Si è concluso con una condanna a 1 anno e 8 mesi, da scontare agli arresti domiciliari, il processo a carico di una paziente responsabile dell’aggressione ai danni di una dottoressa in servizio presso il Pronto Soccorso dell’Ospedale “Moscati” di Aversa. Secondo il giudice l’imputata è colpevole di minacce e lesioni personali, compiute nell’ottobre dello scorso anno presso il nosocomio normanno.
Da quanto emerso, la donna aveva minacciato di morte la dottoressa per poi lanciarle contro il monitor di un computer e una stampante, causandole una contusione al torace e un’escoriazione al braccio sinistro, lesioni giudicate guaribili in trenta giorni.
A rafforzare la rilevanza della spiacevole vicenda, che ha indignato profondamente sanitari e cittadini, è stata la decisione dell’Ordine dei Medici-Chirurghi e degli Odontoiatri di Caserta di costituirsi parte civile nel processo. Si tratta della prima volta che l’Ordine professionale interviene in un procedimento penale per lesioni ai danni di un medico.
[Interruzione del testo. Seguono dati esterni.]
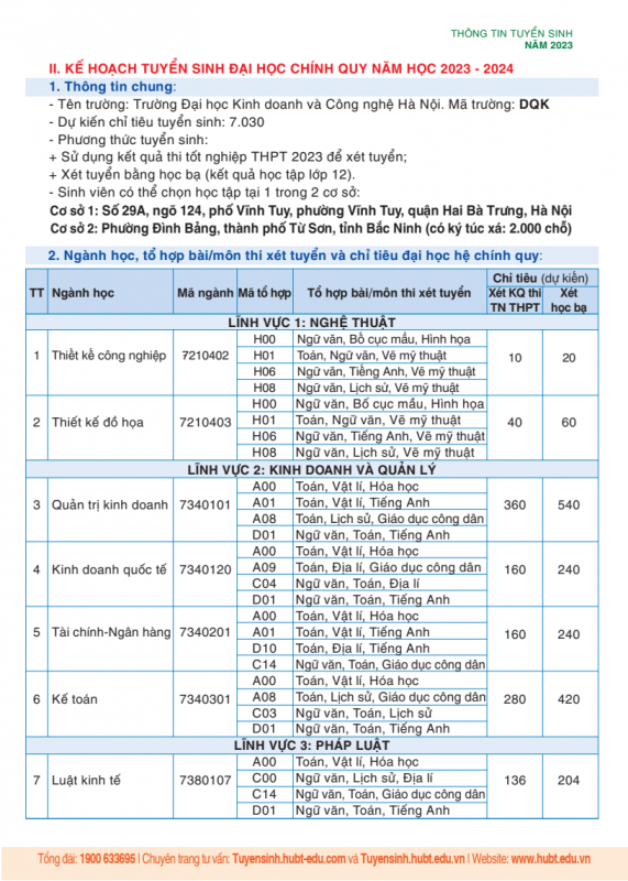 Trường Đại học Kinh doanh và Công nghệ Hà Nội cũng lưu ý các thí sinh đăng ký xét tuyển các môn năng khiếu sẽ do Khoa Kiến trúc và Khoa Mỹ thuật của Trường tổ chức sơ tuyển/thi tuyển hoặc sử dụng kết quả thi năng khiếu của các trường đại học trong cả nước.
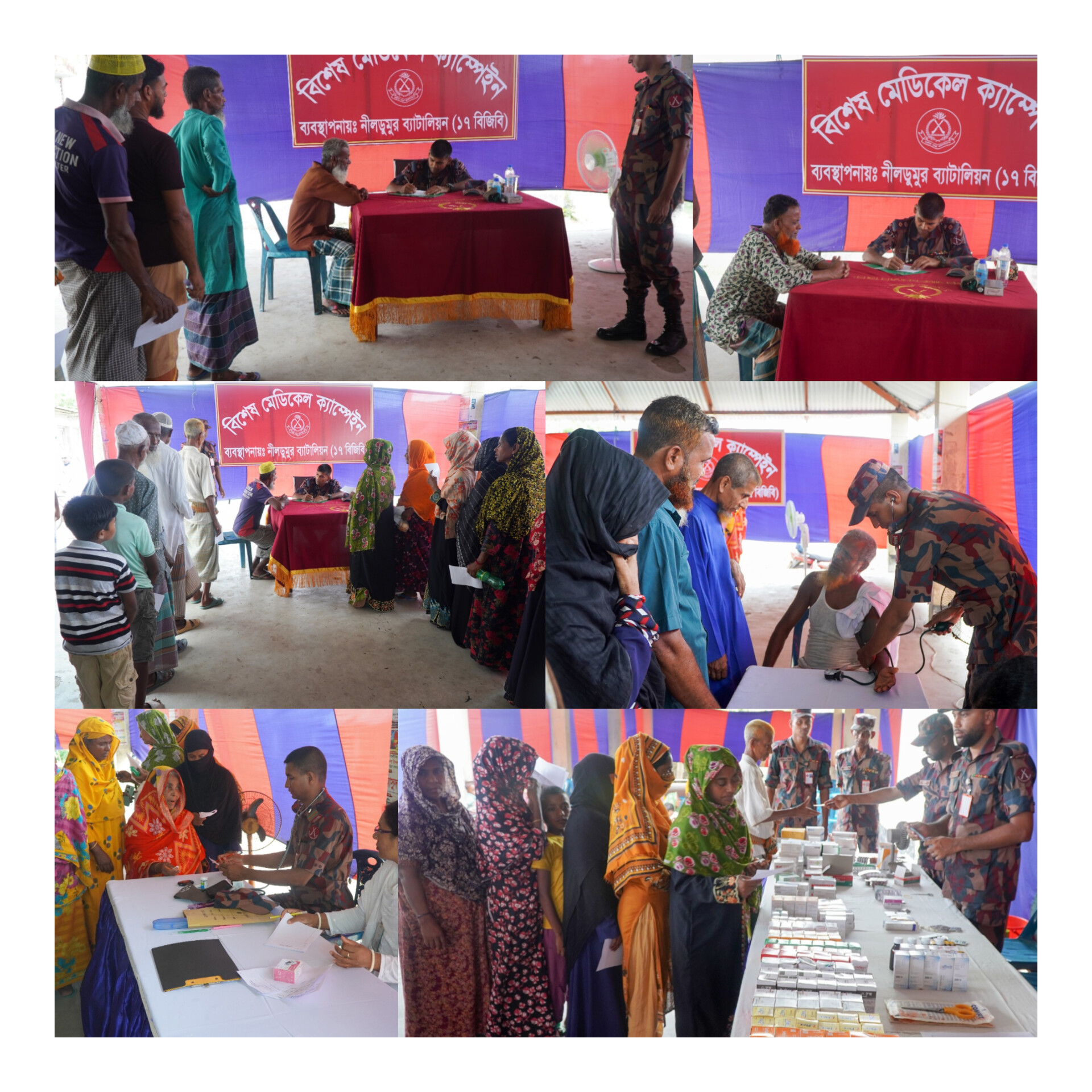 বিজিবির মানবিক সহায়তা : ফেনীতে বন্যার্তদের মাঝে খাদ্যসামগ্রী বিতরণ

La sentenza ha riconosciuto pienamente le ragioni delle parti civili, condannando la donna non solo alla pena detentiva, ma anche al risarcimento dei danni arrecati alla vittima e al pagamento delle spese processuali.
In relazione al numero crescente di aggressioni ai danni di sanitari, l’Ordine professionale ha richiesto alla Regione Campania una legge per garantire condizioni di sicurezza più stringenti nei luoghi di cura, sul modello di quanto già fatto da altre Regioni italiane.